_Description of the task:_ Below are lines of records; copy exactly those from the one containing "MEDIABAHANA.COM, WAJO —" through the one containing "Počítačová skriňa CG580", leaving the pictures behind.
--- Records for processing Enclosed Below ---
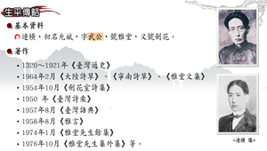 連橫,初名允斌,字武公,號雅堂,又號劍花。
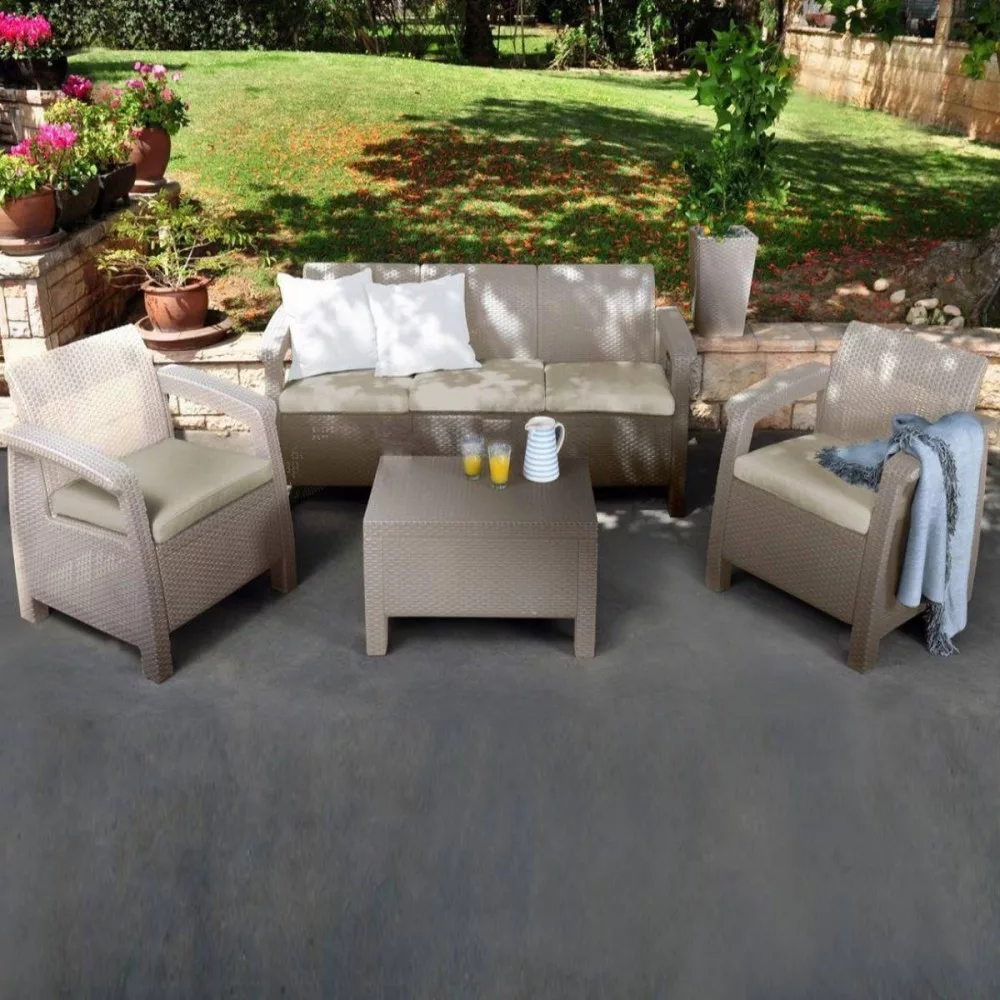 A Corfu Love Duo kerti bútor szett bármilyen kertben, teraszon vagy nagyobb erkélyen tökéletesen mutat. Ez az összeállítás nemcsak rendkívül stílusos, hanem kényelmes és tartós is. A bútorok könnyű felépítésüknek köszönhetően könnyen mozgathatók. A szettben egy kanapé, két kényelmes fotel és egy asztal kapott helyet. A kanapé nagy szélessége miatt elfeküdhet rajta és még aludhat is rajta a kedvenc fája alatt. A fotelekben nyugodtan olvashatja kedvenc régényeit míg az asztalon kényelmesen elfér minden amire a kint töltött idő alatt szüksége lehet.
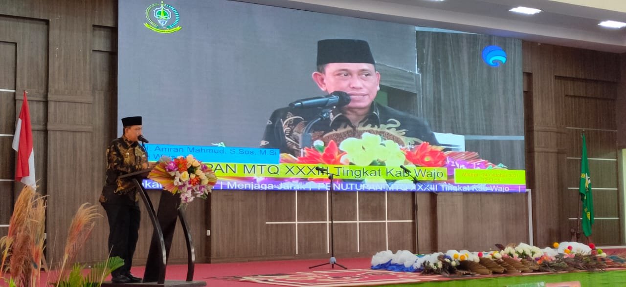MEDIABAHANA.COM, WAJO — Bupati Wajo, Amran Mahmud menghadiri sekaligus menutup secara resmi kegiatan Musabaqah Tilawatil Qur’an (MTQ) ke XXXIII tingkat Kabupaten Wajo di Ruang Pola Kantor Bupati Wajo, Ahad (24/10/2021).
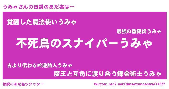 | 男性向けラノベタイトル風あだ名 | 『うみゃの憂鬱』『魔法科高校のうみゃ』 |
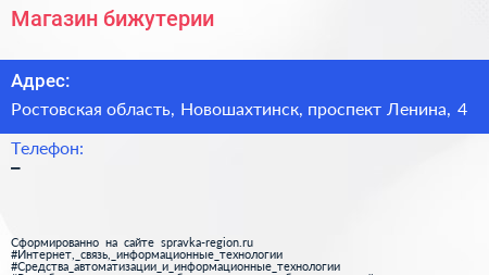 Магазин бижутерии по адресу Ростовская область, Новошахтинск, проспект Ленина, 4 в дальнейшем Организация, размещена в следующих категориях:
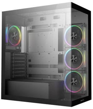 Počítačová skriňa CG580 4F V2 predstavuje jedinečné riešenie pre nadšencov, ktorí chcú svoj hardvér vystaviť na obdiv. Vďaka konštrukcii bez A-stĺpika a kombinácii sklenených panelov na prednej a bočnej strane získate panoramatický 270 ° výhľad na všetky komponenty. Skriňa je vopred osadená štyrmi PWM ARGB ventilátormi – tromi s reverzným prúdením na boku a jedným štandardným vzadu, čo zaisťuje optimálne chladenie a vizuálny efekt.
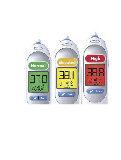 Prosimo, posvetujte se z zdravnikom, če opazite simptome, kot so nepojasnjena razdražljivost, bruhanje, driska, dehidracija, spremembe teka ali aktivnosti, krči, bolečina v mišicah, tresavica, otrdelost vratu, bolečine pri uriniranju itd., ne glede na barvo osvetlitve ozadja ali odsotnost vročine. Prosimo, posvetujte se z zdravnikom, če termometer kaže povišano temperaturo (rumena ali rdeča osvetlitev ozadja pri termometru IRT 6520).
--- End of Enclosed Records for processing ---
_Response box:_
MEDIABAHANA.COM, WAJO — Bupati Wajo, Amran Mahmud menghadiri sekaligus menutup secara resmi kegiatan Musabaqah Tilawatil Qur’an (MTQ) ke XXXIII tingkat Kabupaten Wajo di Ruang Pola Kantor Bupati Wajo, Ahad (24/10/2021).
 | 男性向けラノベタイトル風あだ名 | 『うみゃの憂鬱』『魔法科高校のうみゃ』 |
 Магазин бижутерии по адресу Ростовская область, Новошахтинск, проспект Ленина, 4 в дальнейшем Организация, размещена в следующих категориях:
 Počítačová skriňa CG580 4F V2 predstavuje jedinečné riešenie pre nadšencov, ktorí chcú svoj hardvér vystaviť na obdiv. Vďaka konštrukcii bez A-stĺpika a kombinácii sklenených panelov na prednej a bočnej strane získate panoramatický 270 ° výhľad na všetky komponenty. Skriňa je vopred osadená štyrmi PWM ARGB ventilátormi – tromi s reverzným prúdením na boku a jedným štandardným vzadu, čo zaisťuje optimálne chladenie a vizuálny efekt.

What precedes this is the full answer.